Lab guide: Buffer Overflow and Format Strings

Goals

Learn how to detect the presence of a buffer-overflow vulnerability.
Learn how to detect the presence of a format-string vulnerability.
Learn how to exploit buffer-overflows and format-strings vulnerabilities.
Learn the existing techniques to protect systems against buffer-overflows.

Introduction

The goal of this lab is to analyse and exploit buffer-overflow and format string vulnerabilities. Buffer-overflow vulnerabilities usually occur when someone is allowed to write and/or to execute code in areas that one should not, and usually derives from the usage of unsafe function like gets. Format String vulnerabilities exist when a program uses printf(string) where string is a user controlled string.

Modern operating systems and compilers already incorporate some security features that prevent these attacks such as canaries, Executable space protection (XP)/Data Execution Prevention (DEP), and Address Space Layout Randomisation (ASLR).

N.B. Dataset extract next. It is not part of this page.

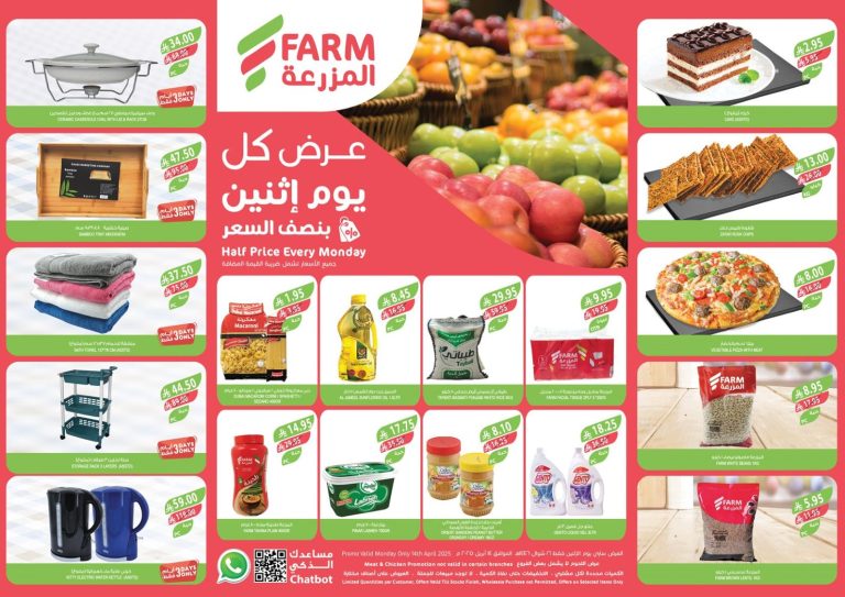 عروض نت تقدم لكم احدث عروض اسواق المزرعة جدة السعودية الجديدة فى صفحة واحدة – عروض كل اثنين بنصف الثمن من اسواق المزرعة – و ذلك ليوم الاثنين 14 ابريل 2025 او حتى نفاذ الكمية من اسواق المزرعة هايبر ماركت بجميع الفروع.

Canaries are known values that are placed between a buffer and control data on the stack to monitor buffer overflows. When the buffer overflows, the first data to be corrupted will be the canary, and a failed verification of the canary data is therefore an alert of an overflow; Executable space protection (XP) prevents certain memory sectors, e.g. the stack, from being executed; and Address Space Layout Randomisation (ASLR) is a technology used to help prevent shell-code from being successful. It does this by randomly offsetting the location of modules and certain in-memory structures.

Combining these techniques makes it very difficult to exploit vulnerabilities in applications using shell-code or return-oriented programming (ROP) techniques. In order for our attacks to succeed we will thus need to disable them. For that we will need to compile our programs using the following flags (we use here vuln.c as the program to be compiled, and vuln as the generated binary).

Disable canaries: gcc vuln.c -o vuln -fno-stack-protector

Disable XP: gcc vuln.c -o vuln -z execstack

To disable ASLR we do it for the whole system:

Disable ASLR: echo 0 | sudo tee /proc/sys/kernel/randomize\_va\_space

Disable ASLR now as we need it for all our exercises.

The buffer-overflow exercises were adapted from the Exploit Exercises Project namely the Protostar Project.

Setup

For this Lab you should use the same VM as for XSS and SQLi. Instructions on how to setup the lab environment are here.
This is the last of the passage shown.